The issue in this case concerned a warrant directed at Microsoft, requiring it to seize and produce the email contents for a Microsoft customer who uses a Microsoft email account, and was believed to do so in furtherance of narcotics trafficking. Id. at 200. Microsoft produced its non-content information that was stored in the United States, but moved to quash the warrant as to the customer content, which was stored and maintained in Ireland. The challenge pitted Microsoft’s view of a warrant as traditionally having territorial limitations, against the government’s view that this was simply an extension of the principle requiring production of documents within the corporation’s “custody or control.” Id. at 201. The district court found for the government, denied the motion to quash, and held Microsoft in contempt of court. Id. The Second Circuit, however, reversed, vacated, and remanded, employing a statutory interpretation analysis as to the territorial reach of the SCA. Id. at 205-222. Judge Lynch, writing separately, “concur[r]ed in the result, but without any illusion that the result should even be regarded a rational policy outcome, let alone celebrated as a milestone in protecting policy.” Id. at 222-33 (Lynch, J., concurring in the judgment).

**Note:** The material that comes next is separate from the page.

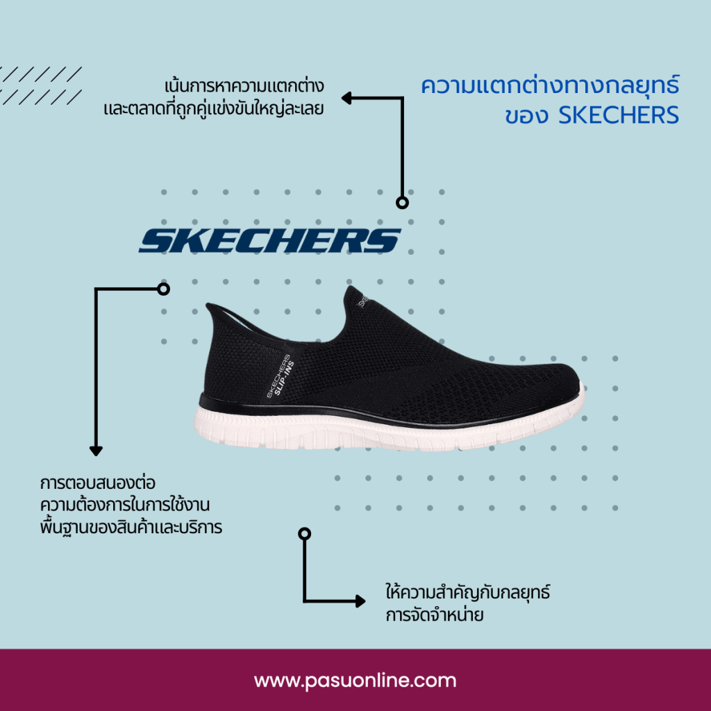 Skechers เน้นในเรื่องของการสวมใส่ที่สะดวกสบาย นุ่มเท้า และราคาที่เข้าถึง ขณะที่เจ้าตลาดอย่าง Nike หรือ Adidas จะเน้นการมีดาราหรือนักกีฬาดังระดับโลกมาเป็นพรีเซนเตอร์ การมีรุ่นที่หายาก และราคาที่สูง ขณะที่แบรนด์อื่นจะเน้นสมรรถนะ เทคโนโลยี และการออกแบบ
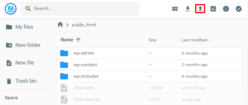 We’re going to install PrestaShop in a root directory, so open the public_html folder. Then, click the Upload Files icon at the top-right.

The Second Circuit’s reversal prompted the United States to petition the Supreme Court for a writ of certiorari. The United States’ petition cited a broad conflict with the Supreme Court’s guidance in interpreting a statute’s extraterritorial scope, as well as a conflict with the law from the federal courts of appeals as to the scope of subpoenas, which can reach documents outside the United States. Petition for a Writ of Certiorari at 21-25, available at http://www.scotusblog.com/wp-content/uploads/2017/07/17-2-petition.pdf. The Petition also emphasized that the Second Circuit’s holding compromised the safety and security of Americans by hampering not only the government’s ability to prosecute crimes, but also to fight off terrorism and national security threats. Id. at 26.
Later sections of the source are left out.